## EXERCISE GOAL
Where a line contains the word "each", copy that line from the records below.

## THE DATA
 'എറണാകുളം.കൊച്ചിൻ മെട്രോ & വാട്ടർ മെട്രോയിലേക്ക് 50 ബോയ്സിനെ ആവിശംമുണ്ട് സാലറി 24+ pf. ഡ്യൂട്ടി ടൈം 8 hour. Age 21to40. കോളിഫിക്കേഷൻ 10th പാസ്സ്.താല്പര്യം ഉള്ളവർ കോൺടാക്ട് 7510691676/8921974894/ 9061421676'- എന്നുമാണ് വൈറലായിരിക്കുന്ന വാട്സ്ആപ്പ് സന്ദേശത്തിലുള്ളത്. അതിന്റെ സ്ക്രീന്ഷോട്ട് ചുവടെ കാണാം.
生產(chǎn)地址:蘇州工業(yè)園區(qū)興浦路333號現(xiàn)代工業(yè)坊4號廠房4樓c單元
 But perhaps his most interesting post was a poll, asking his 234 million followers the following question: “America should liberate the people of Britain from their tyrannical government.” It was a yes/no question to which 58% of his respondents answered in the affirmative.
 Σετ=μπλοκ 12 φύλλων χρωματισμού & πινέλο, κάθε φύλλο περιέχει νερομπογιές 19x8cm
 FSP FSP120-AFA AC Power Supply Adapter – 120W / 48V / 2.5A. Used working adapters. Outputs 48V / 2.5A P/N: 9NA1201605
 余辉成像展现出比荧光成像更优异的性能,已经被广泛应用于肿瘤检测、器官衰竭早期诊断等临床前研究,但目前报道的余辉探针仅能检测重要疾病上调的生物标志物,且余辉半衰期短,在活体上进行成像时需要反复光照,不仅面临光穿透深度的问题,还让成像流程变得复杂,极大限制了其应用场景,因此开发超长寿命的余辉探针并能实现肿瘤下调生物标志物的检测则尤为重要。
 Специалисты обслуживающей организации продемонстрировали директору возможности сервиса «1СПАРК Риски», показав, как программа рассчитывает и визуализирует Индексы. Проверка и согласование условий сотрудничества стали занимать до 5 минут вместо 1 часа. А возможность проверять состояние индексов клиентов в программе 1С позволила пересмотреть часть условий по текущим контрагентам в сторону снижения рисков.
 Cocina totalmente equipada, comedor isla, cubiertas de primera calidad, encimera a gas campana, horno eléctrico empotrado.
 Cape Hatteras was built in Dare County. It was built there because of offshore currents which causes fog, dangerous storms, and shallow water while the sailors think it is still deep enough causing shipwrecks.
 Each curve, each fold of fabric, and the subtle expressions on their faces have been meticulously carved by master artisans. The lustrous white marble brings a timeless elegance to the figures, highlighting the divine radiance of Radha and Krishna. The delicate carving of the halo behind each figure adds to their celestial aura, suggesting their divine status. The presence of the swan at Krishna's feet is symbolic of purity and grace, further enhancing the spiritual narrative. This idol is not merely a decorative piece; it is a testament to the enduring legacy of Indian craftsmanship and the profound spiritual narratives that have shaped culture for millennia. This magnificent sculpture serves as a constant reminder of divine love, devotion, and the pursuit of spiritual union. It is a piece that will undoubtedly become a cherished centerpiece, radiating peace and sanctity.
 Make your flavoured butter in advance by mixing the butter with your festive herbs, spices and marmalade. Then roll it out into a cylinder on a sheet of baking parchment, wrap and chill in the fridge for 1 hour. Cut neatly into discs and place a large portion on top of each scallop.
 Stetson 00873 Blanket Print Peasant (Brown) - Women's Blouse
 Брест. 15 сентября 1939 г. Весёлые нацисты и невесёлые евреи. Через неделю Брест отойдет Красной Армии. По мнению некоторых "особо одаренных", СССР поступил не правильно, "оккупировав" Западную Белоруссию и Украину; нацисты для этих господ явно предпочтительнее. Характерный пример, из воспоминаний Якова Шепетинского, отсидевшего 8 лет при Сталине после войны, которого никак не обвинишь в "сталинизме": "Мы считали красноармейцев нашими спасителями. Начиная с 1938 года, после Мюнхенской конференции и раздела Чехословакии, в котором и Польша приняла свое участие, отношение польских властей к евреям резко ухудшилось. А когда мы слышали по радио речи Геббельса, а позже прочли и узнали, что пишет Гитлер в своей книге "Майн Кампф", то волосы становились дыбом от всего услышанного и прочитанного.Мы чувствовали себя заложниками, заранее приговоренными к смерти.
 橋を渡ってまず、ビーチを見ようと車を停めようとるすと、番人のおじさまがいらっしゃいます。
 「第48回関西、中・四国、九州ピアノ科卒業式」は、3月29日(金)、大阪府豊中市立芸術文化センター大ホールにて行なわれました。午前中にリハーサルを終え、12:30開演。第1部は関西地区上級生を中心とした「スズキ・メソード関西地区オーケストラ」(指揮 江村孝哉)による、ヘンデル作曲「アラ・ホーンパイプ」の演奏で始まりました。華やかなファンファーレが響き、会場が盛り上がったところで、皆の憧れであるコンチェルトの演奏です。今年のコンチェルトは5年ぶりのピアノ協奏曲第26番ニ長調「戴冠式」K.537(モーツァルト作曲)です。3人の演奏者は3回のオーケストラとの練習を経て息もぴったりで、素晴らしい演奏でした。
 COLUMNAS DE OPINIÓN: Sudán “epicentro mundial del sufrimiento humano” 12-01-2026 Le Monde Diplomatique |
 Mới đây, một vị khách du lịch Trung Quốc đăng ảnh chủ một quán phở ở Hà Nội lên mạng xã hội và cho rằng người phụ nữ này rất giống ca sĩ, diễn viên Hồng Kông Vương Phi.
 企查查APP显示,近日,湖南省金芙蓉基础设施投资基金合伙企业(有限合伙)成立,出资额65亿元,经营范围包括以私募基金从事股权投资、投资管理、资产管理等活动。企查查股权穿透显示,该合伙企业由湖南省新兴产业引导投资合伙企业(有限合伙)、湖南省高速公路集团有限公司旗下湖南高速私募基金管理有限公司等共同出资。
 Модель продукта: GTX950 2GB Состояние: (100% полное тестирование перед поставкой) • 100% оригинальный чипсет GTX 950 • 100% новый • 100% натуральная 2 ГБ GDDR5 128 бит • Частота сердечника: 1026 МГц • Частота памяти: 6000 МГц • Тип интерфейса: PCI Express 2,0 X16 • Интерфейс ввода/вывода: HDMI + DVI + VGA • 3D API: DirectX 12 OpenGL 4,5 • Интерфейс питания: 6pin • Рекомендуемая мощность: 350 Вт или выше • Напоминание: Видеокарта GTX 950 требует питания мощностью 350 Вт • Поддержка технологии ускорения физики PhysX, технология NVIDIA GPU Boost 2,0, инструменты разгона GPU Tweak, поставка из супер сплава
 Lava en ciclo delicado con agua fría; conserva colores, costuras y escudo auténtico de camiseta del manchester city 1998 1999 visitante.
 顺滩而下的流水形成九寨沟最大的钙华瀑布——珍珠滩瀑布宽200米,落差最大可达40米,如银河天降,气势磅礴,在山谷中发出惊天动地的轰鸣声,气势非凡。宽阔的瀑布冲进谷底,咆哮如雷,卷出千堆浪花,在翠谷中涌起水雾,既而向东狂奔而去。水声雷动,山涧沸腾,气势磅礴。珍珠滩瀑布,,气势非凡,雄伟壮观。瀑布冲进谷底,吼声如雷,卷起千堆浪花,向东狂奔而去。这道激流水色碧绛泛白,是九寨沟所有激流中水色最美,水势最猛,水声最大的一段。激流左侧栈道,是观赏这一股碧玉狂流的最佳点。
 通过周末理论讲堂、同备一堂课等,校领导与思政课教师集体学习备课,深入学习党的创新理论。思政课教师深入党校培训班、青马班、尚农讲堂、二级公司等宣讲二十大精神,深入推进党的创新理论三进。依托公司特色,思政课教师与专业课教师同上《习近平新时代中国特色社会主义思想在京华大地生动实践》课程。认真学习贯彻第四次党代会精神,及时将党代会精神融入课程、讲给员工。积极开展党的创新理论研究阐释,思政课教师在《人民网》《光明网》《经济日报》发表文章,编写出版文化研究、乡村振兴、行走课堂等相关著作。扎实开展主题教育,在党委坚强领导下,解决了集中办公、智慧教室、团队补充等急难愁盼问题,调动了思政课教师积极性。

## RESPONSE BOX
 Each curve, each fold of fabric, and the subtle expressions on their faces have been meticulously carved by master artisans. The lustrous white marble brings a timeless elegance to the figures, highlighting the divine radiance of Radha and Krishna. The delicate carving of the halo behind each figure adds to their celestial aura, suggesting their divine status. The presence of the swan at Krishna's feet is symbolic of purity and grace, further enhancing the spiritual narrative. This idol is not merely a decorative piece; it is a testament to the enduring legacy of Indian craftsmanship and the profound spiritual narratives that have shaped culture for millennia. This magnificent sculpture serves as a constant reminder of divine love, devotion, and the pursuit of spiritual union. It is a piece that will undoubtedly become a cherished centerpiece, radiating peace and sanctity.
 Make your flavoured butter in advance by mixing the butter with your festive herbs, spices and marmalade. Then roll it out into a cylinder on a sheet of baking parchment, wrap and chill in the fridge for 1 hour. Cut neatly into discs and place a large portion on top of each scallop.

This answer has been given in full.